-- Dataset extract follows --
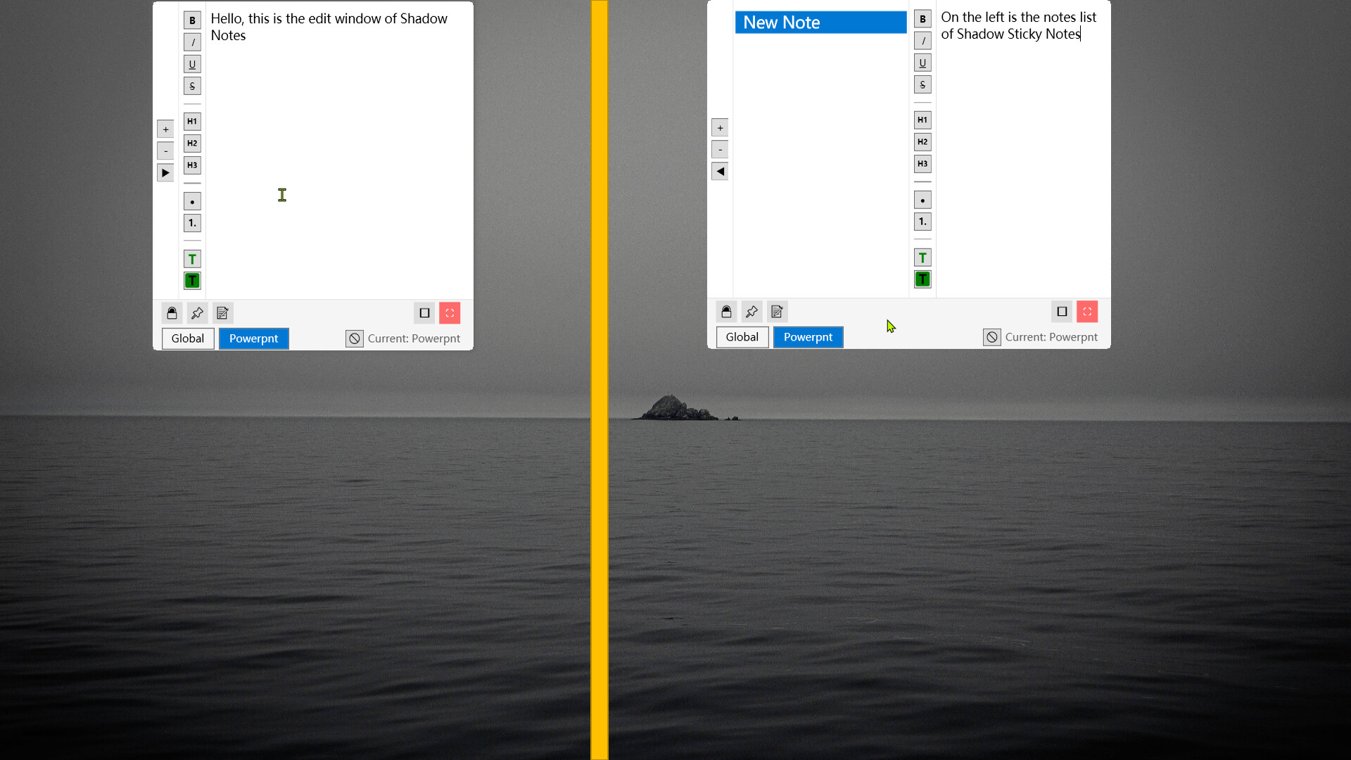 Note Window (all features below support virtual desktops and multiple screens)
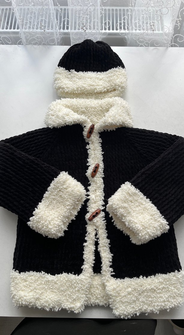 Fitted kesim, uzun kollu ve örme kumaştan yapılmış erkek çocuk hırkası. Siyah zemin üzerine beyaz tüylü detaylar ve ahşap düğmeler bulunur.
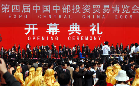 4月26日,在安徽合肥國際會展中心開幕。此次為期3天的博覽會以“創(chuàng)新、合作、共贏、崛起”為主題,將舉辦萬商西進(jìn)高峰論壇、中部六省與跨國公司午餐會、服務(wù)外包政策研討會、搞活流通擴(kuò)大消費(fèi)政策說明會等活動。新華社發(fā)
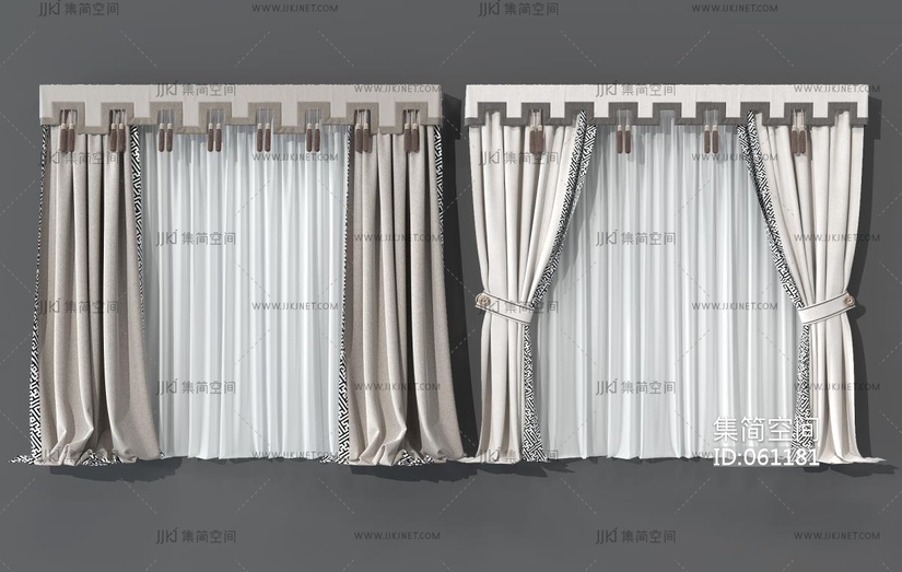 新中式窗帘组合 3d模型下载 [模型ID:61181]
-- Dataset extract concluded --
**Problem requirements**
Your reply should consist solely of the lines from the one containing "4月26日,在安徽合肥國際會" through the last line of the material, reproduced exactly and without pictures.

**Written response**
 4月26日,在安徽合肥國際會展中心開幕。此次為期3天的博覽會以“創(chuàng)新、合作、共贏、崛起”為主題,將舉辦萬商西進(jìn)高峰論壇、中部六省與跨國公司午餐會、服務(wù)外包政策研討會、搞活流通擴(kuò)大消費(fèi)政策說明會等活動。新華社發(fā)
 新中式窗帘组合 3d模型下载 [模型ID:61181]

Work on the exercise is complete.